The Birthday Party by Harold Pinter is a play composed of three acts, and is set in an old boarding house, run by Meg and Petey, who are a couple in their late sixties. There is only one boarder, Stanley, a scruffy, depressed-looking man in his late thirties who has apparently been a professional pianist. Three people arrive in the boarding house from the outside world: Lulu, a young woman who tries to get Stanley to go out with her with out success, Goldberg a powerful and threatening Jewish man in his fifties and McCann, an Irishman in his thirties who is quiet and menacing. It becomes clear that they have come in pursuit of Stanley and that they work for a shadowy organisation. Although it is never known for what reason they put him in the spotlight, interrogate him and eventually take him away.
Following the arrival of Goldberg and McCann they mention to Meg, to put on a birthday party for Stanley, even though Stanley denies the claim that is his birthday. Meg gives Stanley a toy drum as a birthday present, which Stanley ends up beating with increasing savagery. We then see the first scene of interrogation. Goldberg and McCann begin to quick fire questions at Stanley, eventually reducing him to a state of mental distraught. The scene then segues into a small social party. The party atmosphere becomes hostile as Stanley is victimised in the course of playing a game blind mans buff, before losing control and firstly strangling Meg and then preparing to rape Lulu.
Act 2 is set in the morning after the party. Goldberg and McCann, it becomes apparent, have been working on Stanley through the night. Stanley appears dressed in a suit, clean shaven and rendered in his conventional appearance. Goldberg and McCann achieve complete dominance over Stanley and continue to torture him by leading him on to a table, pulling his pants down, asking questions knowing that he cant reply properly and taking photos of him with each other. When they finally proceed to take him away, Petey mounts a faint protest at the removal of Stanley, but backs down in the face of a threat to himself. Meg outwardly remains unaware that anything untoward has taken place as the play ends.
The lighting of the play was excellent all of the scenes and characters were appropriately lit and in the right amount of shadow, one of these scenes was when Goldberg and McCann were torturing him, the spotlight is on Stanley and Goldberg and McCann are walking in circles around him. This also happens at the beginning where Stanley does a monologue talking about his past experience being a pianistHe is lit by just the right amount of light, not so much as it is over bright but enough to draw the audiences attention to him. There was also a light shining on Meg as she listened to him, it was subtly diminished so that you knew that Meg was listening to him and the audience was able to see her when she interrupted.
I enjoyed the over exaggeration of sound in the play. For example when there was an awkward silence and McCann was polishing his shoes. The scraping sound that was played was way too loud for someone who was quietly polishing his shoes. Although this scene wasnt important it questioned the audience of whether the sound they were hearing was actually coming from him polishing his shoes. Another was when characters lighted a match to smoke a cigarette. It was exaggerated to the same extent of when McCann was polishing his shoes, which gave the same effect.

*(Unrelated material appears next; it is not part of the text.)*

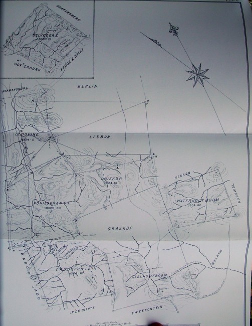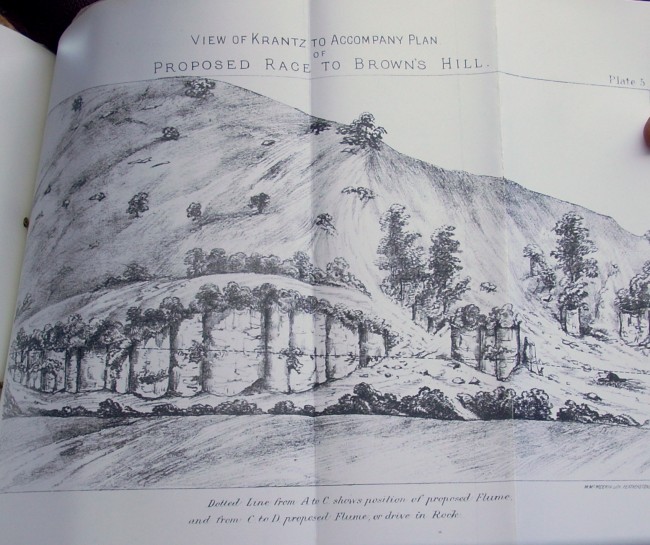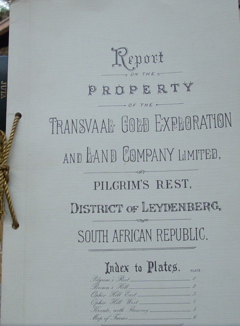 Report on the Property of the Transvaal Gold Exploration and Land Company Limited, Pilgrim's Rest, District of Leydenberg, South African Repulic,1884, (facsimile reprint) gifted to members of The Transvaal Provisional Administration by the management of Rand Mine Properties, 6 plates (Pilgrim's Rest; Brown's Hill; Ophir Hill East; Ophir Hill West; Krantz, with Fluming; Map of Farms), bound with card and gilt thread, 210 x 335mm, 490 x 335mm (plates), condition: very good.

One of my favourite scenes and also one of the most powerful was the ending just before Goldberg and McCann take Stanley away in their car. They had just made a mockery of him by taking digital photos of him with his pants down. While watching this it reminded me of the Iraq war of how the Americans are badly mistreating the Iraqi citizens and prisoners of war. I knew this wasnt originally part of the play and thought it was very clever and included more absurdity to the play.

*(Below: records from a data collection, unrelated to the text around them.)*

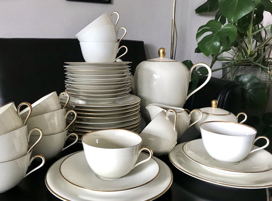 Vintage Art Déco elfenbein Porzellan Kaffeeservice Service 12 Pers. Edelstein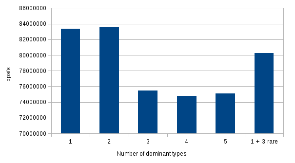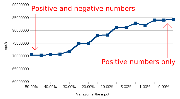 As it can be seen on the chart above, the more predictable which branch will be taken, the better it can be optimized. The system quickly follows the changes in the trends, for example, changing from only positive numbers to only negative barely impacts the average performance.
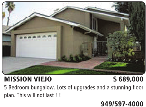 MISSION VIEJO $ 689,000 5Bedroom bungalow. Lots of upgrades and astunning floor plan. This will notlast!!!

An important major theme of the play was the struggle for power which was presented in Goldberg. However his power is always put into question, he relied on McCann to perform the more physical aspects of their duties for him and to sustain him physically by blowing in his mouth. Another major theme is Absurdity. For example despite the personal information on Stanley and the two mystery men, who or what they really are remains a mystery. Goldberg, in particular, provides all sorts of information about his background, but he offers only strange clues as to why he has intruded upon Stanley’s life.
However the most important theme in The Birthday Party was an image of growing up. Meg had a crushing combination of motherliness towards Stanley, having her as a mother image. Unfortunately Stanley is reluctant to leave the warm nest which Meg has made for him. He is afraid not only of the outside world, but also of sexuality outside the cosy mother-son relationship. Thats why her refuses to go out with Lulu. Also that is why at the climax of his mental crisis, his birthday party, he firstly attacks Meg, the mother-figure, maybe for not being aware of the presence of Goldberg and McCann, which is then why we then see him trying to rape Lulu. He was driven away from his boyhood sexuality and was pushed into an adult relationship.
Overall I thought that The Birthday Party was a very well set up play, the visuals were good and the costumes played well to their role. I thought the characters were very professional in their acting and played very well to their roles. The only blemish on it was the ruling out of the Pinter Pause, which was one of the reasons the creator of the play became famous in the first place! Other than that I found the play to be very enjoyable I would recommend this play to anyone who wants to go and see a funny play that takes a few steps outside of peoples comfort zones.